- Directions for this task -
Output the listing word for word, minus images.

- Provided data -
##########

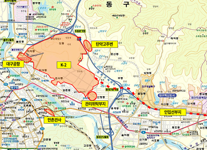 7.10㎢(215만평,K-2군공항6.93㎢, 대구공항0.17㎢)
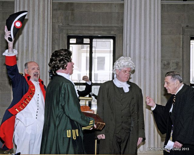 This yearâs reenacment began with welcoming remarks by representatives from the National Park Service and the Masons, who were followed by an invocation from Bishop Samuel Provost. Then the festivities began. A costumed color guard marched through the rotunda followed by a drum and fife group which played Yankee Doodle Dandy. The Pledge of Allegiance was recited followed by the first stanza of the National Anthem, which was written by Francis Scott Key, a Mason. Another drum and fife group led representatives from the St. Johnâs Lodge No. 1, AYM, in their dressed in the Masonic regalia. Along with them came the inaugural bible.
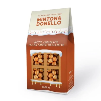Minton & Donello White Chocolate Irish Coffee Hazelnuts Box 180g Whole Roasted Coated in with Flavour, Covered Nuts Snack
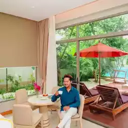 It connects to the large shared pool of the Lagoon Pool Villa in this zone, offering exceptional privacy.

##########

- Reply -
 7.10㎢(215만평,K-2군공항6.93㎢, 대구공항0.17㎢)
 This yearâs reenacment began with welcoming remarks by representatives from the National Park Service and the Masons, who were followed by an invocation from Bishop Samuel Provost. Then the festivities began. A costumed color guard marched through the rotunda followed by a drum and fife group which played Yankee Doodle Dandy. The Pledge of Allegiance was recited followed by the first stanza of the National Anthem, which was written by Francis Scott Key, a Mason. Another drum and fife group led representatives from the St. Johnâs Lodge No. 1, AYM, in their dressed in the Masonic regalia. Along with them came the inaugural bible.
Minton & Donello White Chocolate Irish Coffee Hazelnuts Box 180g Whole Roasted Coated in with Flavour, Covered Nuts Snack
 It connects to the large shared pool of the Lagoon Pool Villa in this zone, offering exceptional privacy.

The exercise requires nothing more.